The dataset
A VAT number is a unique nine-digit identifier that is assigned to a UK business that is registered for value-added tax (VAT).
These numbers often appear on a business receipt or invoice, which helps the UK tax authority, HMRC, to tie that transaction back to the registered company, organization or person providing the service or selling the goods.
The source
We collect GB VAT numbers directly from the primary source HMRC .
The website portal can be accessed here: VAT – GOV.UK
How does this relate to legal entities?
In the UK, VAT numbers are assigned to ‘businesses’ not companies and as such there is not a strict 1-1 mapping with companies.
- A legal entity can have multiple VAT numbers for different businesses operated by the legal entity. In addition it can also use its parent’s VAT number.

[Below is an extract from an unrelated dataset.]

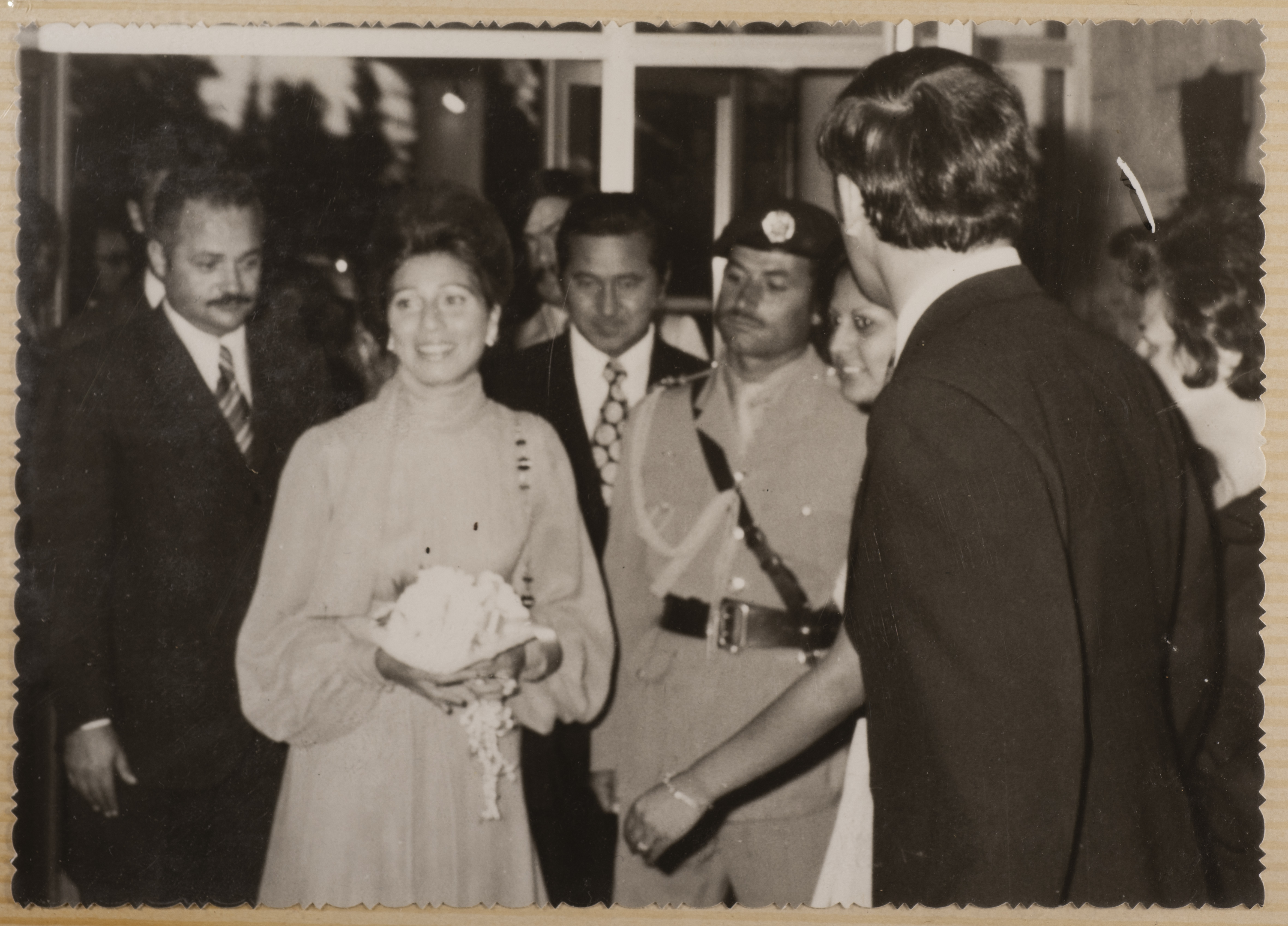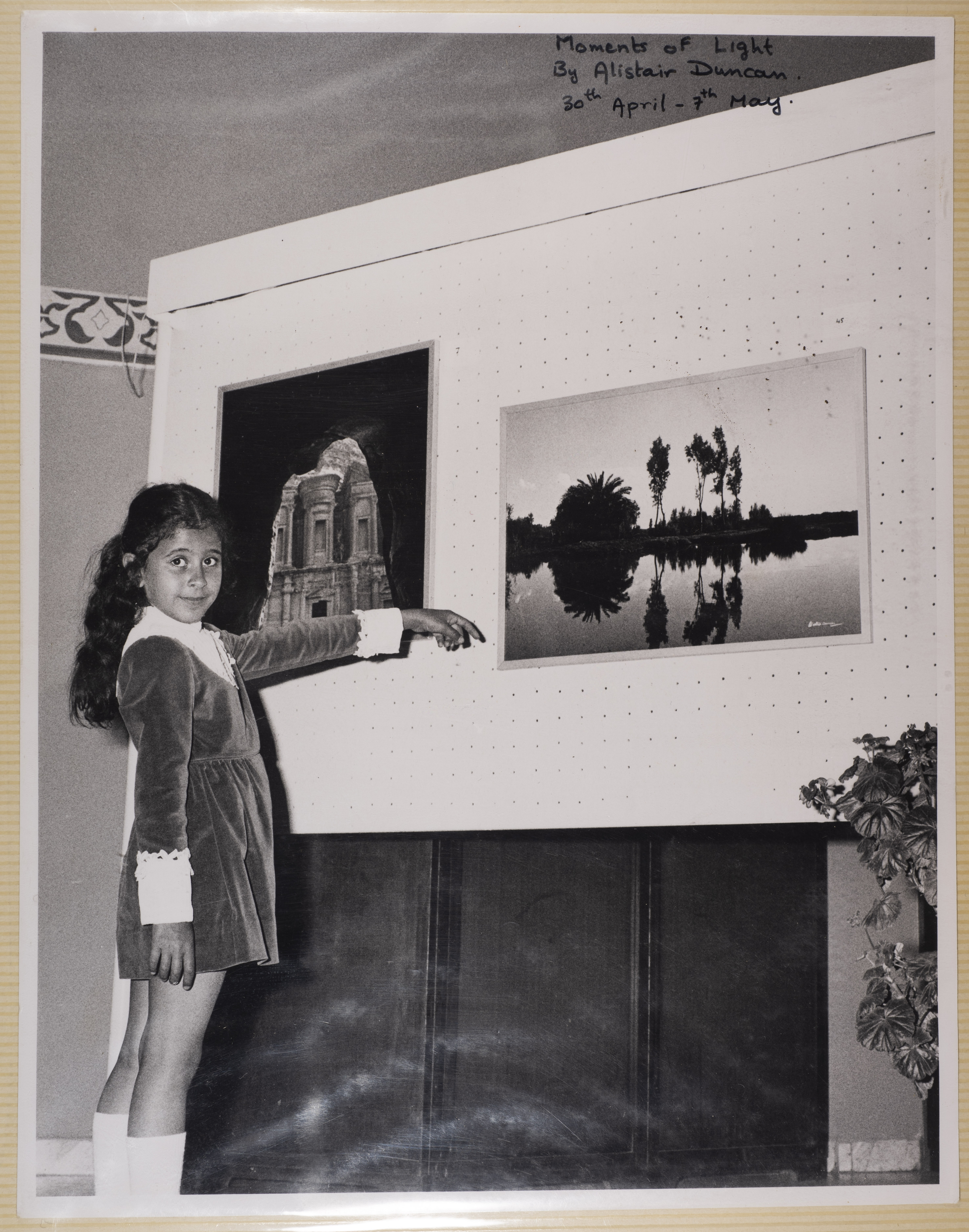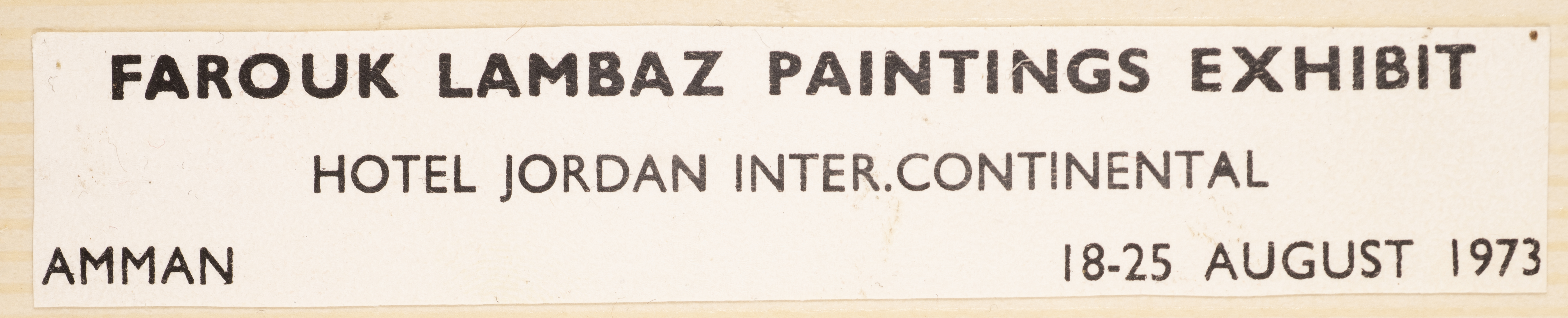 This photograph, from the exhibition of artist Farouk Lambaz, was taken during his participation in a show held at Nuha Batshoun’s gallery, The Gallery, at the Intercontinental Hotel in Amman from August 18 to 25, 1972. The exhibition was inaugurated under the patronage of Queen Alia.

- The VAT number can also be transferred when the business is sold
- VAT numbers are also issued to non-companies including sole traders. This becomes more of a problem when working with HMRC’s VAT validation tools as they only provide a company name and address. For this reason we have chosen to resolve only to registered companies that have an strict name match with basic normalisation over case and punctuation and stemming. For example
Foo Bar Ltd
will matchFoo Bar Limited
.
This currently limits us where a companies VAT registration differs from the details they have given Companies House. We are looking to improve upon this in the future to improve coverage.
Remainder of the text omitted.